- _Your assignment_: Go to the line holding "先日、大谷選手にいただいたグ" in the data below. Return it and each line after it through the last, exactly, and skip the pictures.

(Records drawn from a dataset)
++++++++++++++++++++
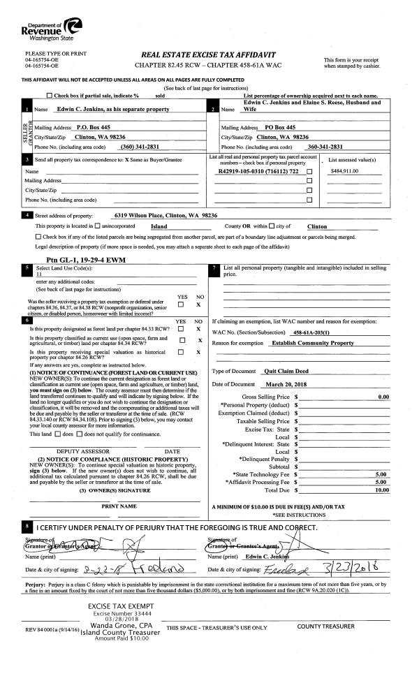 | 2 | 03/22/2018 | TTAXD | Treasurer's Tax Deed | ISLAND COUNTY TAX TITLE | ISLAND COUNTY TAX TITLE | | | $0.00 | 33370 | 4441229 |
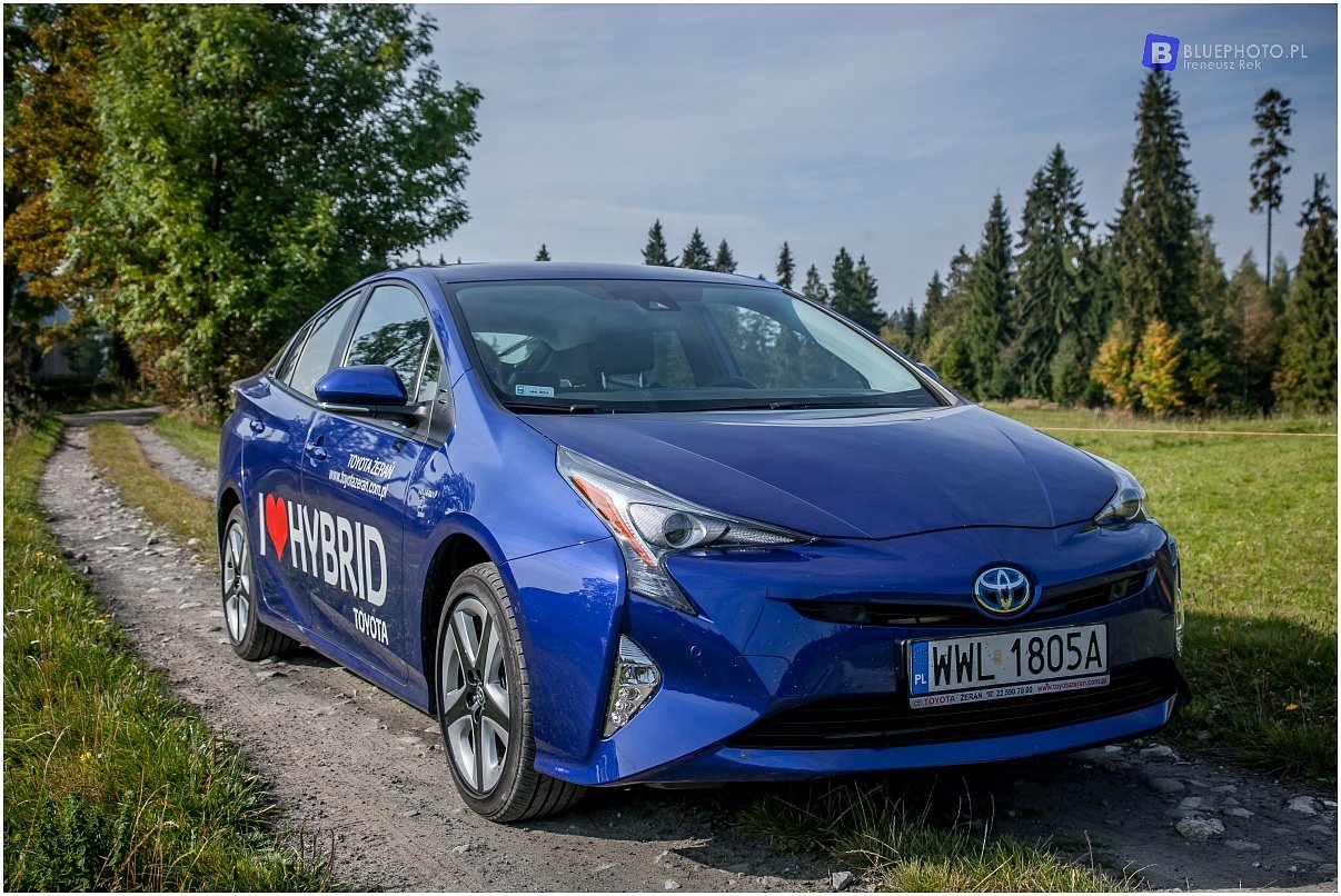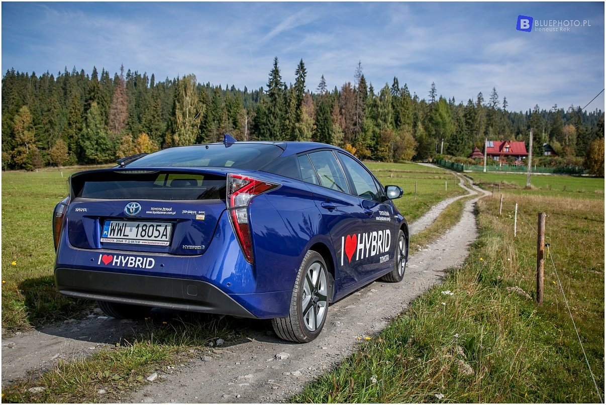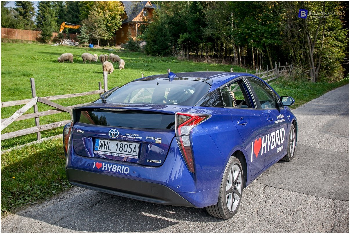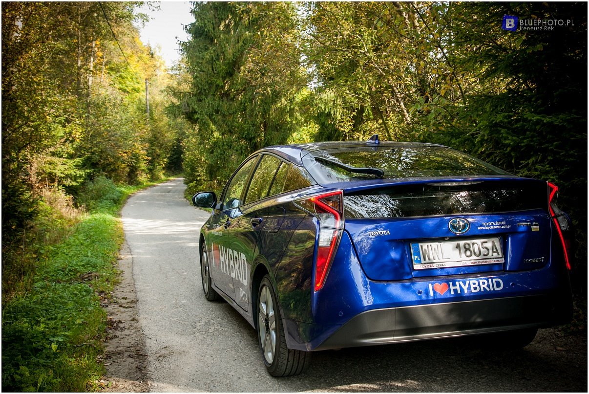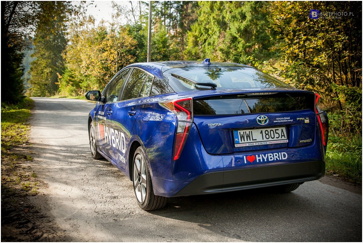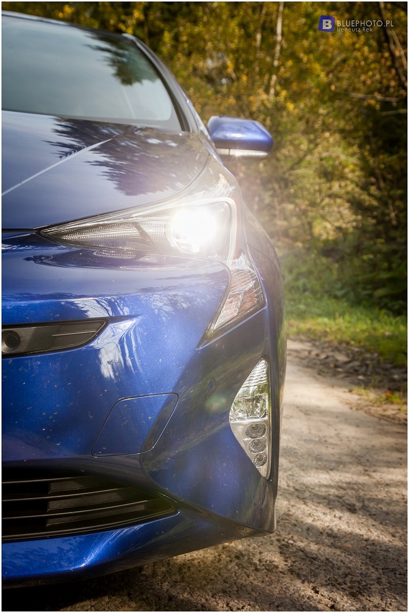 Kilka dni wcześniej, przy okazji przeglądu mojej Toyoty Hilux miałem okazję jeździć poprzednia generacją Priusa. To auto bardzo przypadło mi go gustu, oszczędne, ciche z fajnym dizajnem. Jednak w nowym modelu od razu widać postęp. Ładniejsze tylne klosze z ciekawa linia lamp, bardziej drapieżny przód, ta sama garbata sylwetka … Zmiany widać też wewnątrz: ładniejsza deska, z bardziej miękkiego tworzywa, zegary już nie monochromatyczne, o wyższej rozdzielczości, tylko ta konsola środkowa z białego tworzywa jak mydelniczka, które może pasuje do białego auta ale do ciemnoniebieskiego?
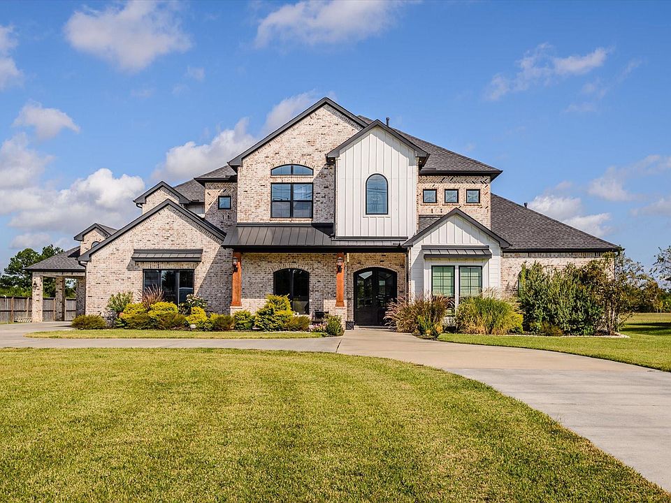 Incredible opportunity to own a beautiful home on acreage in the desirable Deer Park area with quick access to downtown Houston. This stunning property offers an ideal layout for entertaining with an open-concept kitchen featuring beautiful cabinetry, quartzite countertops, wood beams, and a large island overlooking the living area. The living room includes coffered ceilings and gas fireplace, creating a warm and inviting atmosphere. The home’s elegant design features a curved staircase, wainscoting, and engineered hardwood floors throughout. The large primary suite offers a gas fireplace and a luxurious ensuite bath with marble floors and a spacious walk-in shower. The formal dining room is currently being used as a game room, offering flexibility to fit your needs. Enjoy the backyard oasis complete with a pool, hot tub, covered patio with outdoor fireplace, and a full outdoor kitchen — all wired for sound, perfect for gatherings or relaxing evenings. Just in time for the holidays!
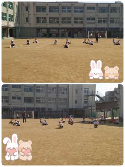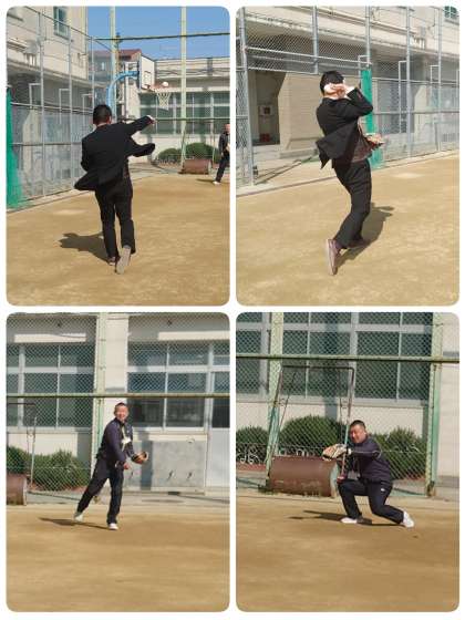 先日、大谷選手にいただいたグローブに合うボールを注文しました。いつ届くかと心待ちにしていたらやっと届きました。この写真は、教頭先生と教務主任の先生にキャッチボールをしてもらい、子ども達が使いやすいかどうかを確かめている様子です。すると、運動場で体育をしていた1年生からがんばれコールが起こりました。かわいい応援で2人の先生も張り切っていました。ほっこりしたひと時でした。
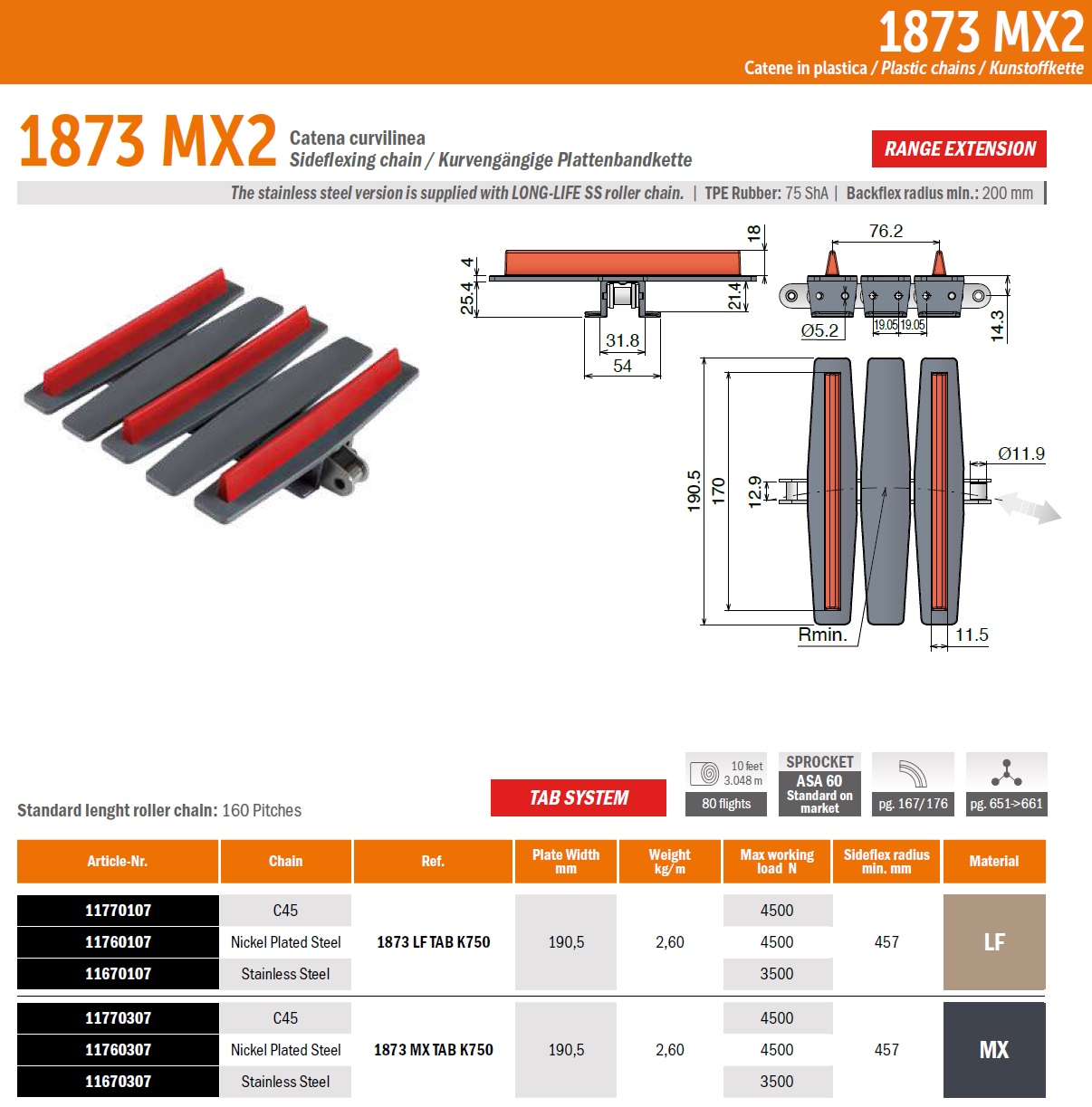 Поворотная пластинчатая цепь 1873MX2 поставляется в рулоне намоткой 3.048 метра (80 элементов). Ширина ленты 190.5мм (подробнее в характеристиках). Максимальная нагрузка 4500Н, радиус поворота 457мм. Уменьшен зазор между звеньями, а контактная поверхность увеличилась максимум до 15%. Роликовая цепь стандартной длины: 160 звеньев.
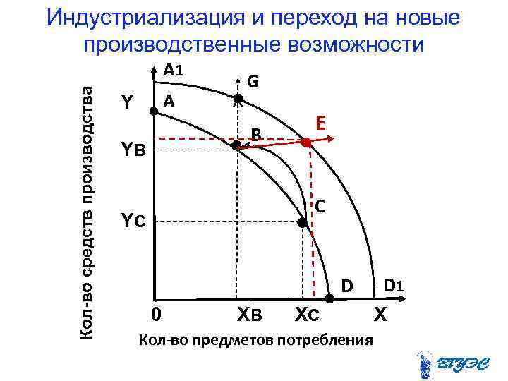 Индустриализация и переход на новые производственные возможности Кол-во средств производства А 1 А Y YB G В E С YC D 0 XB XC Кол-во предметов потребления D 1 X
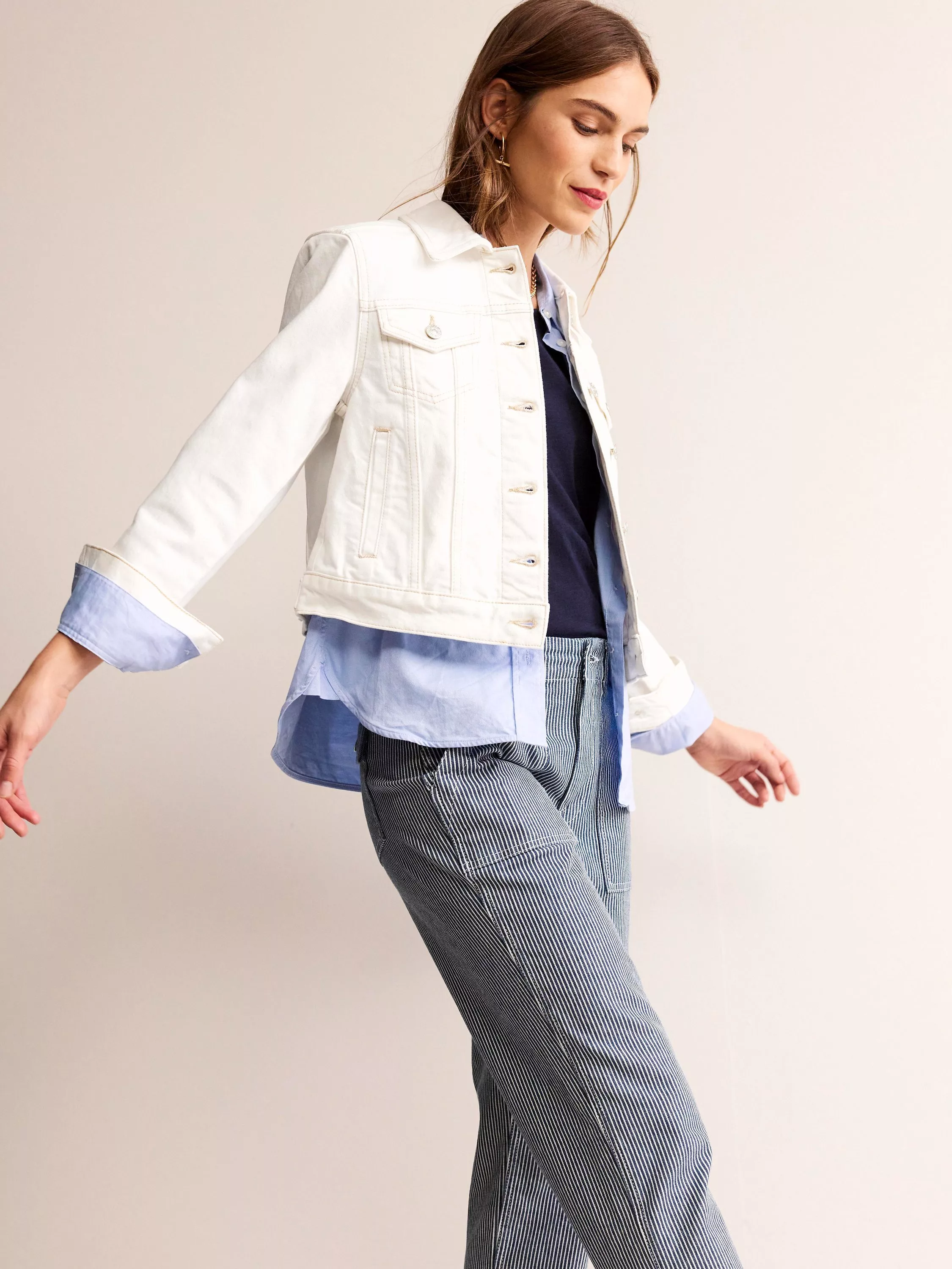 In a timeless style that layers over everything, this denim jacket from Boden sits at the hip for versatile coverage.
++++++++++++++++++++
- _Result of the exercise_:
 先日、大谷選手にいただいたグローブに合うボールを注文しました。いつ届くかと心待ちにしていたらやっと届きました。この写真は、教頭先生と教務主任の先生にキャッチボールをしてもらい、子ども達が使いやすいかどうかを確かめている様子です。すると、運動場で体育をしていた1年生からがんばれコールが起こりました。かわいい応援で2人の先生も張り切っていました。ほっこりしたひと時でした。
 Поворотная пластинчатая цепь 1873MX2 поставляется в рулоне намоткой 3.048 метра (80 элементов). Ширина ленты 190.5мм (подробнее в характеристиках). Максимальная нагрузка 4500Н, радиус поворота 457мм. Уменьшен зазор между звеньями, а контактная поверхность увеличилась максимум до 15%. Роликовая цепь стандартной длины: 160 звеньев.
 Индустриализация и переход на новые производственные возможности Кол-во средств производства А 1 А Y YB G В E С YC D 0 XB XC Кол-во предметов потребления D 1 X
 In a timeless style that layers over everything, this denim jacket from Boden sits at the hip for versatile coverage.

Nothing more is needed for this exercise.